* _Work required_: Each record that comes next should be output exactly; pictures do not belong in the copy.

[Dataset entries]
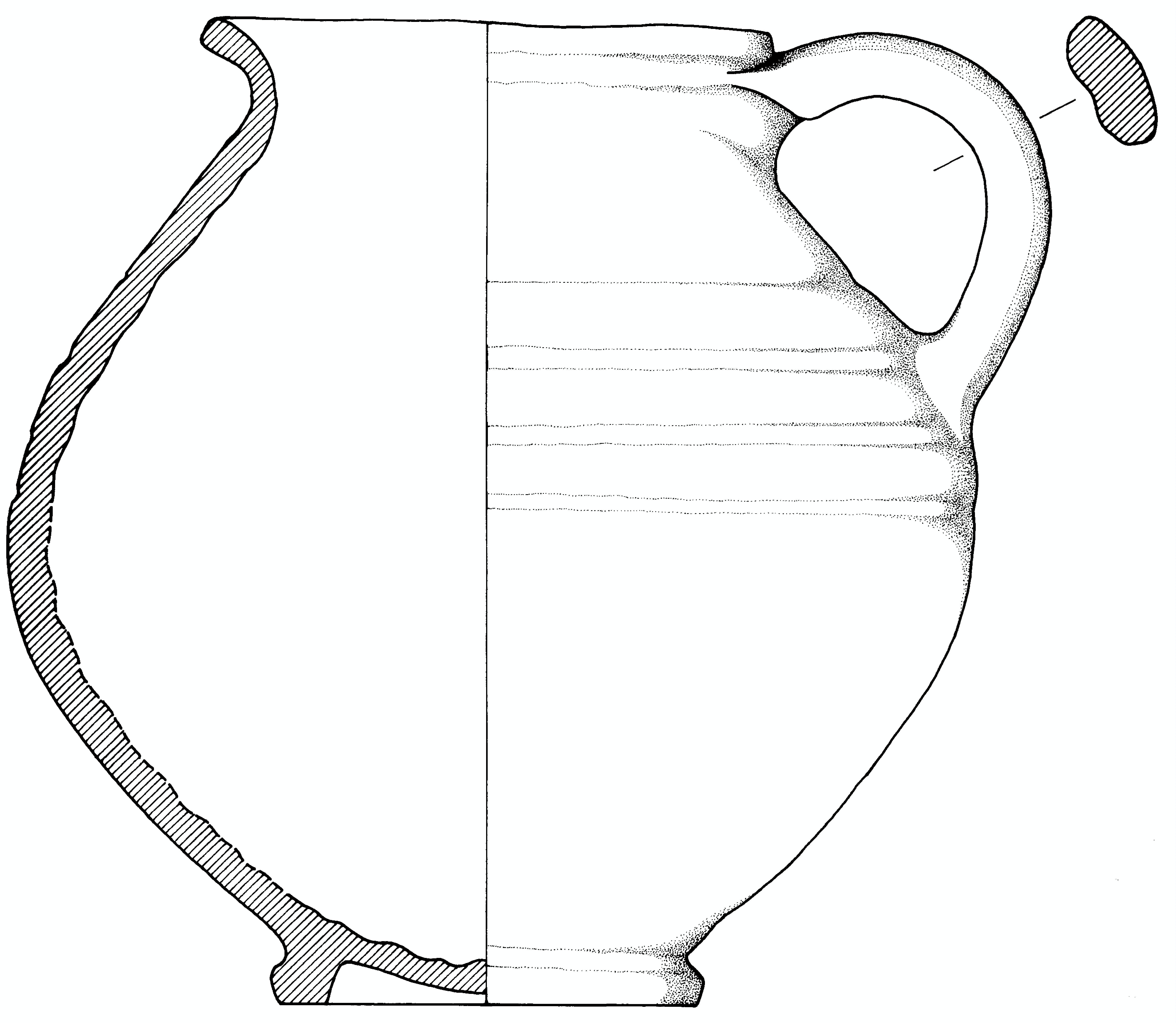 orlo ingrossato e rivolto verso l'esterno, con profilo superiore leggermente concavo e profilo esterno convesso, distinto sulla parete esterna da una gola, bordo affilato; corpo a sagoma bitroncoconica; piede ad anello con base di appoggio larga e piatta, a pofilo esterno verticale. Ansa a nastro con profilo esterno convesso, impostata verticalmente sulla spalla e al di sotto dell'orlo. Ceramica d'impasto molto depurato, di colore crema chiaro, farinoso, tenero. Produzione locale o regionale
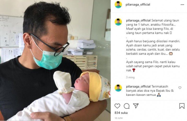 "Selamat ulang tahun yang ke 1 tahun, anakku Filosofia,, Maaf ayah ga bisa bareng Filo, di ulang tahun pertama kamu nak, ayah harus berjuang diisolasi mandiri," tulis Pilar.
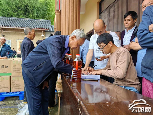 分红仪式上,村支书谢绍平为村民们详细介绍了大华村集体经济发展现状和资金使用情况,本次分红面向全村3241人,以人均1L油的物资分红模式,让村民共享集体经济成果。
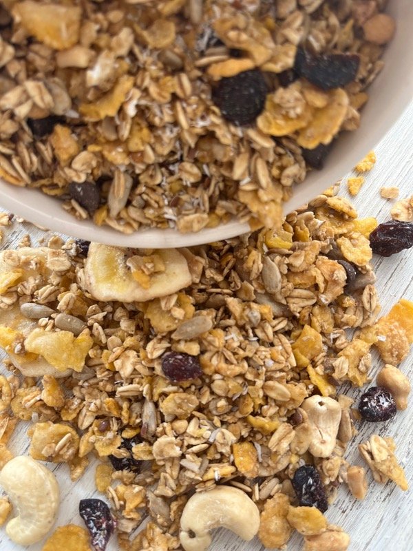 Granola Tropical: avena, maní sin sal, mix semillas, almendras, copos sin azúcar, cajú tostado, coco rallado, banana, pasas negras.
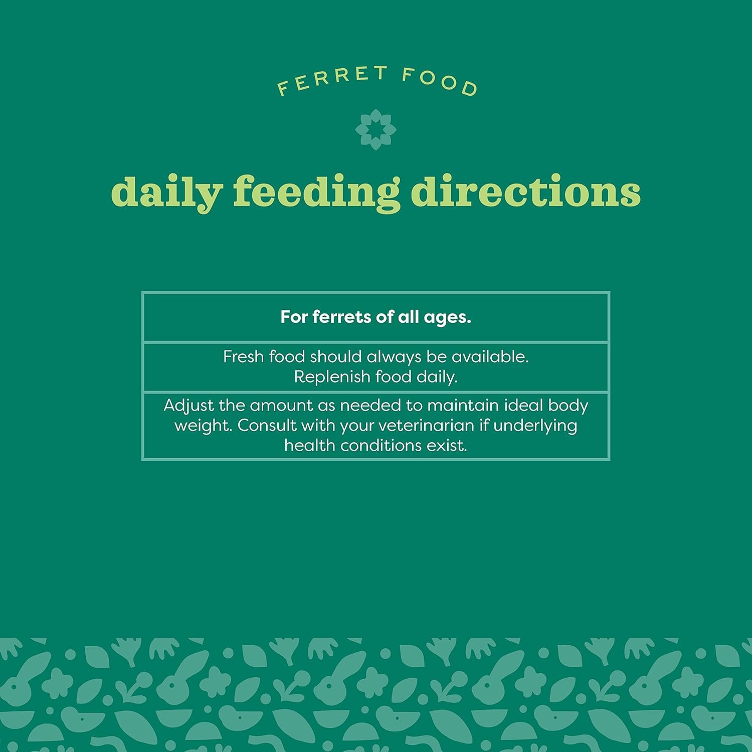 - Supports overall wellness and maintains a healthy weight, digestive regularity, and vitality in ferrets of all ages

* _Answer_:
 orlo ingrossato e rivolto verso l'esterno, con profilo superiore leggermente concavo e profilo esterno convesso, distinto sulla parete esterna da una gola, bordo affilato; corpo a sagoma bitroncoconica; piede ad anello con base di appoggio larga e piatta, a pofilo esterno verticale. Ansa a nastro con profilo esterno convesso, impostata verticalmente sulla spalla e al di sotto dell'orlo. Ceramica d'impasto molto depurato, di colore crema chiaro, farinoso, tenero. Produzione locale o regionale
 "Selamat ulang tahun yang ke 1 tahun, anakku Filosofia,, Maaf ayah ga bisa bareng Filo, di ulang tahun pertama kamu nak, ayah harus berjuang diisolasi mandiri," tulis Pilar.
 分红仪式上,村支书谢绍平为村民们详细介绍了大华村集体经济发展现状和资金使用情况,本次分红面向全村3241人,以人均1L油的物资分红模式,让村民共享集体经济成果。
 Granola Tropical: avena, maní sin sal, mix semillas, almendras, copos sin azúcar, cajú tostado, coco rallado, banana, pasas negras.
 - Supports overall wellness and maintains a healthy weight, digestive regularity, and vitality in ferrets of all ages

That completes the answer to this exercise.